Please post pictures of your generator sheds...Spring has finally sprung on the Keweenaw and I can start thinking about pouring concrete again. I wanna build an engine house. I would like some ideas. Pictures help me a lot too. Sooo, please post pictures of what you have...no matter how humble....right now we have half a plastic dog kennel sitting on top of the Honda. So whatever you have, has got to be better.

Another trivial thing....they call a shed 20'X10' here...that size and it needs no permit...I am wondering whether that is measured from the inside or the outside.

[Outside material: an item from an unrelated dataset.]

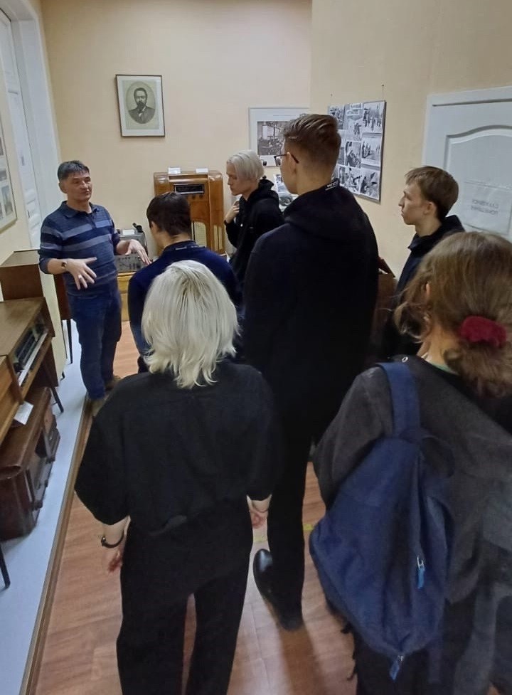 Лекцию-экскурсию по постоянной экспозиции музея провел старший научный сотрудник Вячеслав Богданов. Ребята с интересом узнавали о личности и научных достижениях великого русского ученого, изобретателя радио Александра Степановича Попова. После лекции студенты смогли задать вопросы, чтобы глубже понять историю радио и его значение для современной науки и техники.

If from the outside, then how do they measure a root cellar?
Thanks,
BPJ

mike90045

#1
On my facebook pages, the photo albums are un-restricted, I'll have to try to find the links for the 12" slab pour and sheds.  I basically built 2 buildings, one for batterys/inverter, and one for generator, put them back-back, and they are working fine. slabs are 12" thick, and about 12' x 8'

I think this link will get you there.
https://www.facebook.com/media/set/?set=a.1206151312716.2030956.1196643274&type=3
The generator shed has the chain link fence "door" for ventilation and possible flywheel chunk retention.
The roof of the shed is made from 2x6 instead of 2x4, but you can drill a hole for a steel pipe in a 2x6, and
when it runs the length of the building, you have a lift point anywhere you want.  It came in handy, and now is
used as a hanger for spare belts and to dry siphon hoses.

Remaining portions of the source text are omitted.